The total RNA was extracted from the cells using the TRIzol reagent (Takara) following the protocol and then reverse transcribed to cDNA. The sequences of primer pairs were as follows: Nup98 (forward) 5′-CTCCACCACTAATTCAGGCTTT-3′ and Nup98 (reverse) 5′-GAGGCTGGTAGTCTGCTGATT-3′; RORγT (forward) 5′-CAAAGCAGGAGCAATGGAAGTG-3′ and RORγT (reverse) 5′-GGAGTGGGAGAAGTCAAAGATG-3′; IL-17 (forward) 5′-CCTCAGACTACCTCAACCGTTC-3′ and IL-17 (reverse) 5′-TTCATGTGGTGGTCCAGCTTTC-3′; β-actin (forward) 5′-AAGGCCAACCGTGAAAAGAT-3′and β-actin (reverse) 5′-GTGGTACGACCAGAGGCATAC-3′; CVB (forward)5′-CGGTACCTTTGTGCGCCTGT-3′ and CVB (reverse) 5′-CAGGCCGCCAACGCAGCC-3′. After an initial denaturation step at 94°C for 3 min, 40 cycles were carried out, each of which consisted of the following three steps: denaturation at 94°C for 30 s, annealing at 58°C for 30 s, and extension at 72°C for 30 s. All the reactions were conducted at least in duplicate for each sample. The gene expression was analyzed using the real-time fluorescent quantitative PCR system (Bio-rad). The level of gene expression was calculated by the 2^−ΔΔCt.

Statistical Analysis

Data were represented as the mean ± SEM. Statistical analysis was conducted using a two-tailed Student's t-test for two groups and one-way ANOVA for more than two groups. Chi-square test was performed for the categoric variables of clinical characteristics. Bivariate correlation analysis was used as a test of correlation between two variables. P < 0.05 was considered statistically significant.

Results

Viral Detection in CD4⁺ T Cells of AVMC Patients

The clinical data of AVMC patients and healthy volunteers are displayed in Table 1. No significant differences were found in age and sex. Compared with healthy controls, the levels of plasma hsCRP (P < 0.001) and IL-17 (P < 0.001) were higher in patients with AVMC.

TABLE 1

Table 1. Clinical Characteristics of AVMC Patients and Healthy controls.

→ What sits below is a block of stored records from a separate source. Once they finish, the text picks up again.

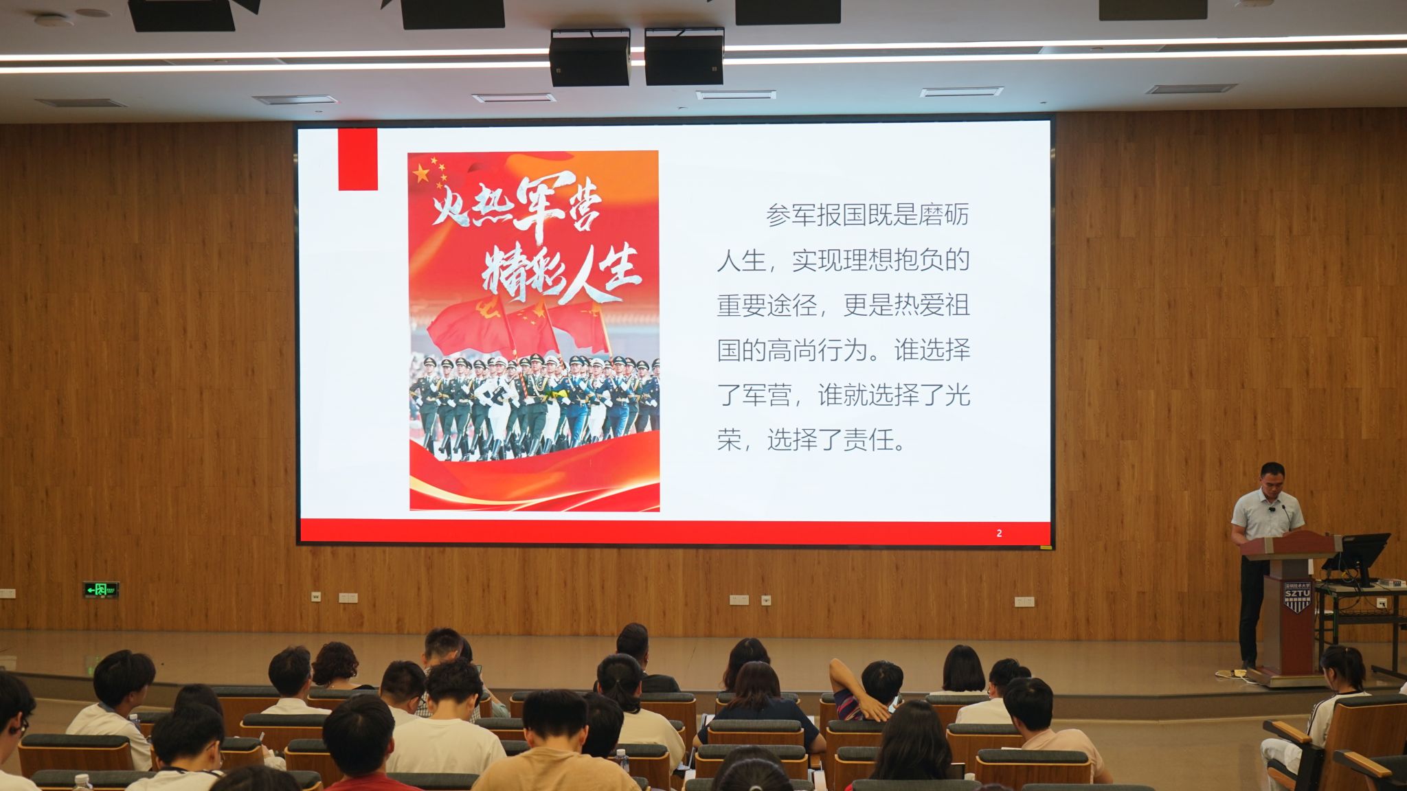 石井街道武装部副部长王菁以“守护家园”的真实案例点燃学子报国热血:“当洪水来袭时,军人是冲锋在前的血肉长城;当和平需要捍卫时,军营是锻造钢铁意志的熔炉。”他详细解读大学生入伍“四个优先”政策与深圳地区的经济补助政策,号召学子“把爱国之心化为报国之行”。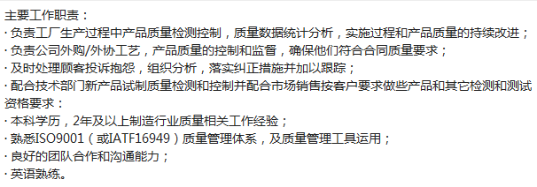 百年历史外资企业(制造行业),要英文好的质量工程师,要求有制造行业质量工程师经验,薪资10K*13薪+奖金,五险一金全额缴纳,办公地点:11号线御桥地铁站附近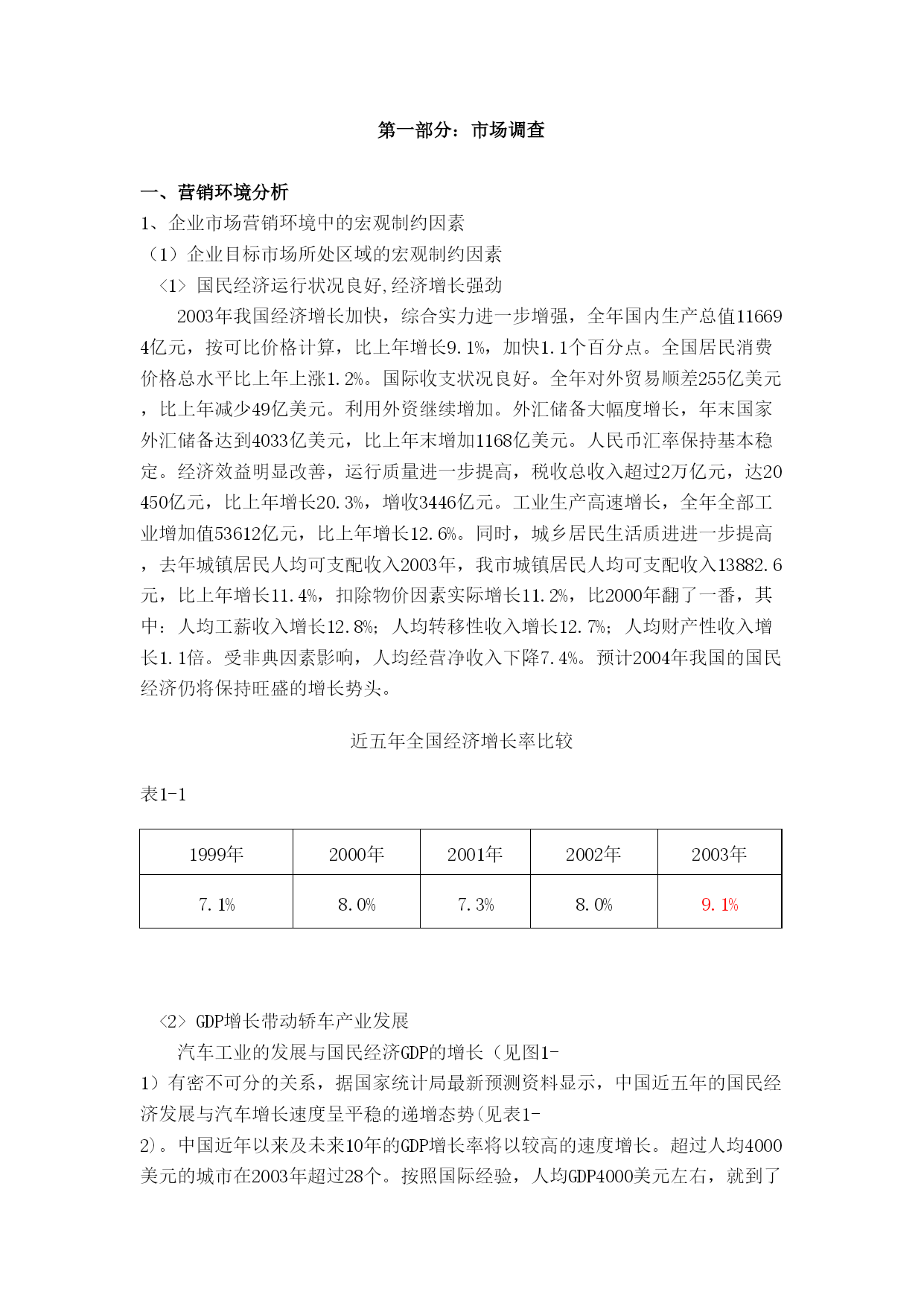 别克君威广告策划方案策划人:何毅目录第一部分:市场调查…………………………………………………………………………3一、营销环境分析……………………………………………………………………………31、企业市场营销环境中的宏观制约因素…………………………………………………32、市场营销环境中的微观制约因素………………………………………………………63、市场规模…………………………………………………………………………………74、市场构成的特征……………………………………………………………………………95、营销环境分析

Purified CD4⁺ T cells isolated from the peripheral blood in AVMC patient and healthy volunteer were collected for viral detection. The data indicated that the average virus titer was 230 PFU/ml (10⁵ cells homogenized in 1 mL 1640 medium) in AVMC patients whereas no virus was detected in healthy volunteers (P < 0.001, Figure 1A). In addition, levels of CVB mRNA in CD4⁺ T cell were higher in AVMC patients than those in healthy controls (P < 0.001, Figure 1B). These data revealed that virus could be detected in peripheral CD4⁺ T cells of AVMC patients.

FIGURE 1

Figure 1. The virus detection in CD4⁺ T cell from AVMC patients. (A) The CVB3 titers of purified CD4⁺ T cells isolated from peripheral blood in healthy controls and AVMC patients. (B) The levels of CVB3 mRNA in CD4⁺ T cell isolated from peripheral blood were higher in AVMC patients than those in healthy controls (p < 0.001). Values are means ± SEM. **P < 0.01 vs. Healthy controls.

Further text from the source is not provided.